DP World workers make big gains on pay but fall short on rosters

After more than four months of determined industrial action, wharfies at DP World port terminals have won a 25.6 per cent pay rise over four years, while accepting changes to rostering.

The in-principle four year agreement between the company and the Maritime Union of Australia (MUA), was concluded in three days of “facilitated negotiations” in the Fair Work Commission (FWC).

DP World’s media campaign, complaining of a massive backlog of containers left on the port and damage to the wider economy, fell flat as the government refused to intervene and suspend industrial action.

All protected industrial action has now been withdrawn. But the deal is yet to be drafted or voted on by the workforce, and local “Part B” negotiations are still taking place about issues relating to individual ports. The MUA is urging workers to vote yes to industrial action in a new ballot, in case the dispute re-erupts in the drafting process.

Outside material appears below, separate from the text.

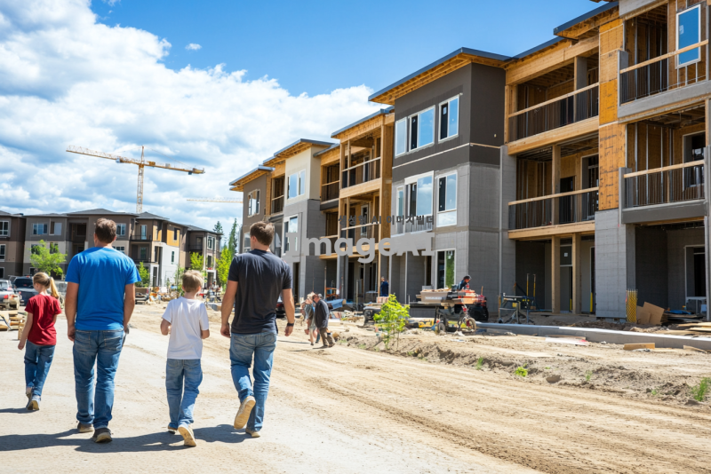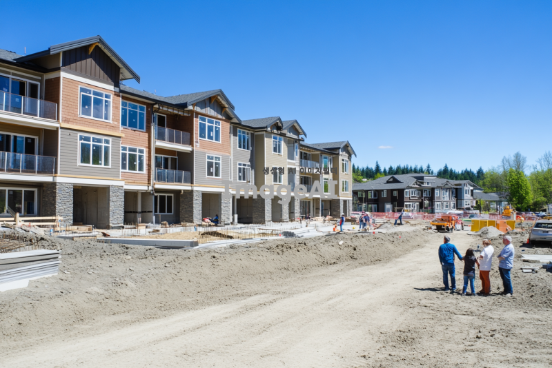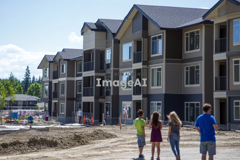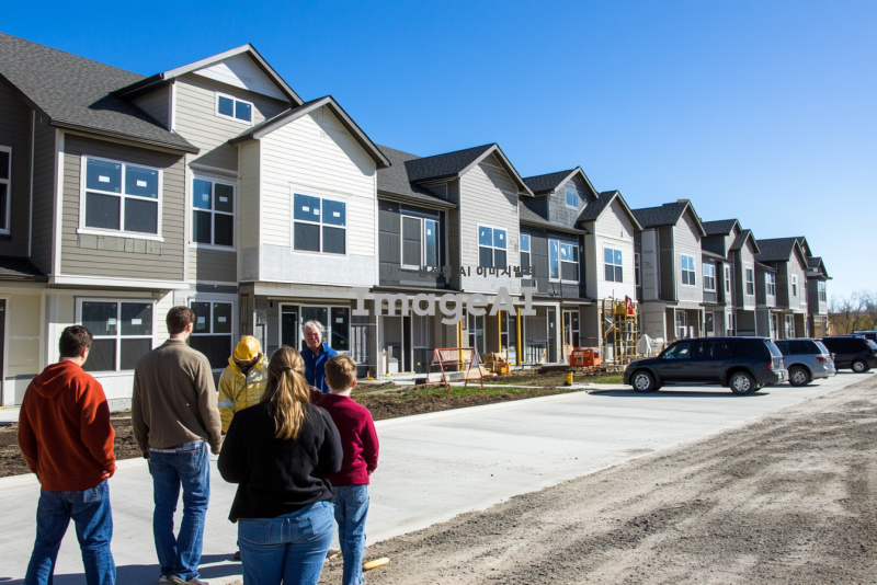 완공이 거의 다 된 현대적인 아파트 건설 현장, 예비 입주민들이 사전점검을 위해 현장을 방문하고 있는 모습. 다양한 연령대의 가족단위의 사람들이 아파트 외관과 내부를 꼼꼼히 살펴보고 있다. 배경에는 아파트 주차장에서 사전점검 행사를 하고있는 모습

Wharfies will receive an 8 per cent pay rise in the first year, then in subsequent years 7 per cent, 4 per cent, and 4.5 per cent. There is a $2000 sign-on bonus, but no backpay.

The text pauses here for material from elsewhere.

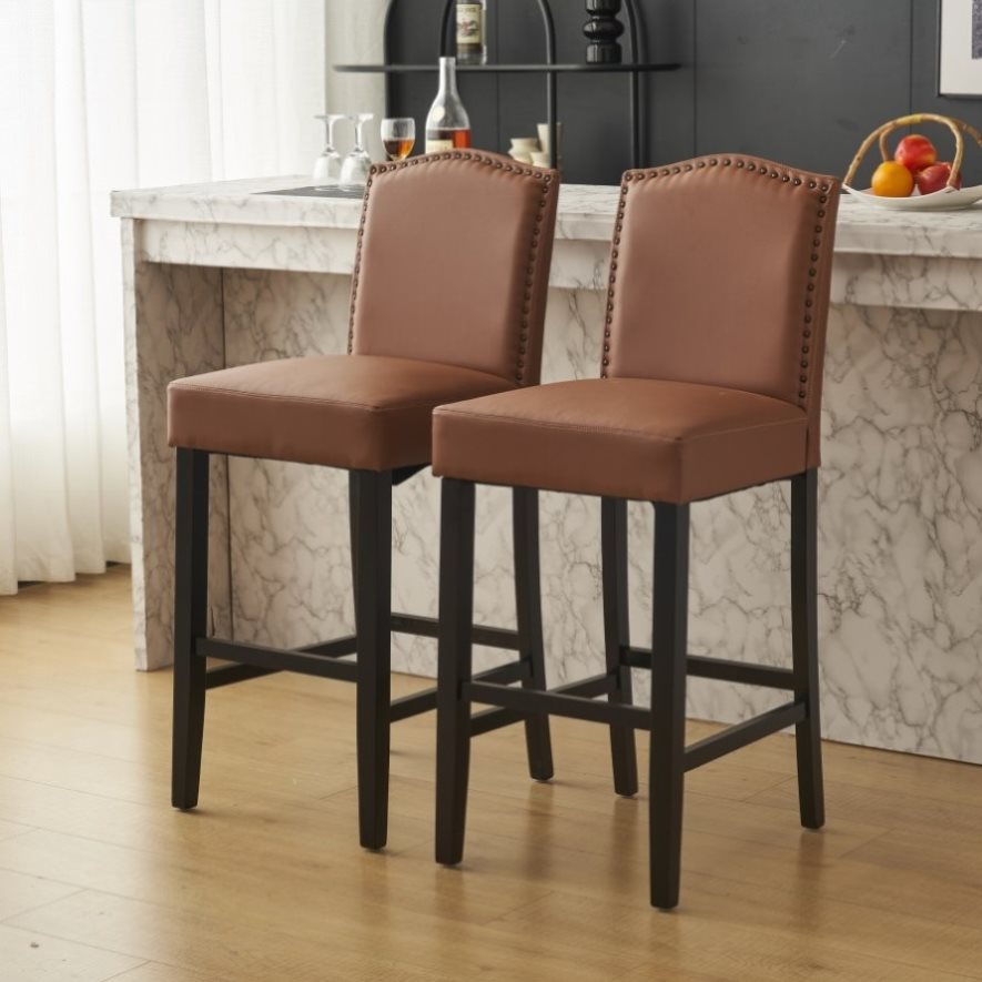 Barstools Set of 2, Counter Height Upholstered Bar Stools for Kitchen Island, Brown Rubberwood Legs N779P254675L

This wage increase will help workers catch up on inflation and the increasing cost of living, although it is not explicitly linked to the inflation rate as a bare minimum, as at the Patrick terminal.

The package also includes triggers for conversion to the permanent roster, phasing out the “short shifting” practice of late finish straight into an early start, and improvements around delegates’ rights, safety, automation, graduated retirement, termination, selection criteria for promotion and more.

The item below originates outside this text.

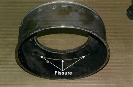 Sur le carter de la chambre de combustion en question, il y avait une soudure de réparation antérieure sur le renfort, et la soudure avait été polie et finie de manière à être à peu près indécelable. Une extrémité de la fissure se terminait à cette soudure. On a déterminé que la soudure n'avait rien eu à voir dans l'amorce de la fissure; en fait, la soudure avait stoppé la fissure.
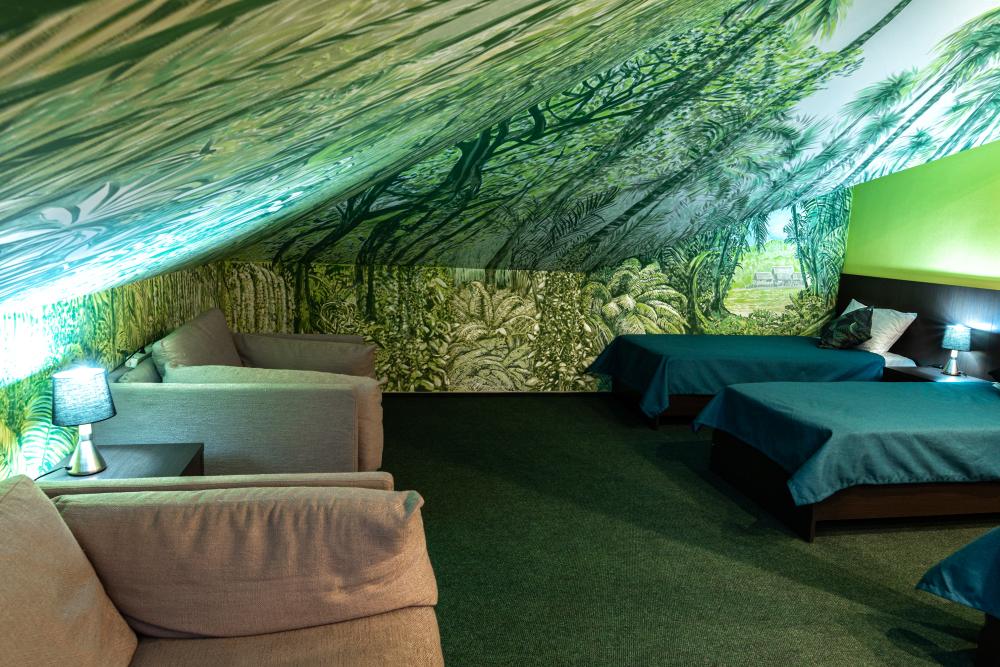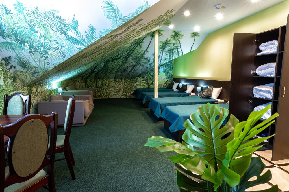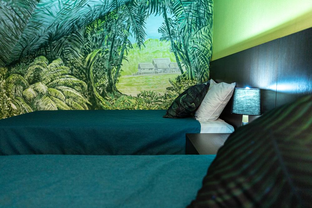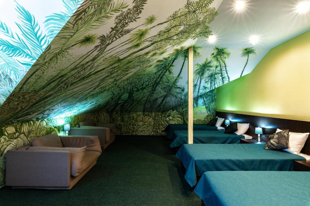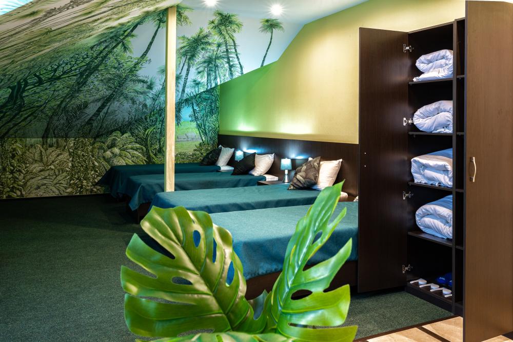 Номер стандарт с четырьмя односпальными кроватями общей площадью 35 кв.м. для размещения до 4-х гостей. Оснащение номера: четыре односпальные кровати, прикроватные тумбочки, телевизор, шкаф, ванная комната с душевой кабиной, санузел, косметические средства, набор полотенец.

Given the recent history of EBA negotiations dragging on for years, achieving an in-principle agreement in four months is a positive step forward.

This was only possible due to the willingness to take serious industrial action.

Workers took a combination of 24 hour strike days, two hour stoppages at the end of each shift, eight hour delays on vessels, strikes on particular shipping lines, and alternating bans on road/rail and vessel operations.

The union have emphasised the deal as a win for “fair pay, safety and work-life balance”.

The workforce beat back DP World’s desired “five x three roster”, which would have completely changed the existing roster, and cut the rate at which entitlements like annual leave and superannuation are paid.

But roster negotiations in some terminals are still a sore point. In Sydney a 36 hour roster was reduced to 35 hours, but with extra nights and weekend work.

Some workers are still pushing for changes to soften the most undesirable parts of the new roster.

Another concession was that personal leave/sick days will have to be accrued throughout 12 months, instead of granted at the beginning of the each financial year, meaning that workers cannot manage their own sick leave and risk being without paid leave if they fall seriously ill or have to take extended time off for operations or injuries.

Anti-strike laws

The workforce and union were determined to go hard out the gate, knowing that Labor’s new “intractable bargaining” laws would set in after nine months, and the whole dispute could be arbitrated by the Fair Work Commission.

But the union also dropped their goal of signing only a two year agreement, so that workers can fight for improvements more often.

The fact that DP World and opposition leader Peter Dutton tried to pressure the Labor government to intervene and take away workers’ ability to take strike action just shows that every attack on our right to strike will only make the bosses and the right call for more.

Labor made a virtue of refusing to intervene at DP World, but has maintained laws that help the bosses, like the intractable bargaining laws and the anti-strike laws that restrict strikes to bargaining periods and prevent industrial action across the wharves.

Workers at DP World have shown that concerted industrial action can win big gains on pay.

But winning clear cut victories over the bosses will require a willingness to defy the anti-strike laws, the Fair Work Commission and the threat of forced arbitration.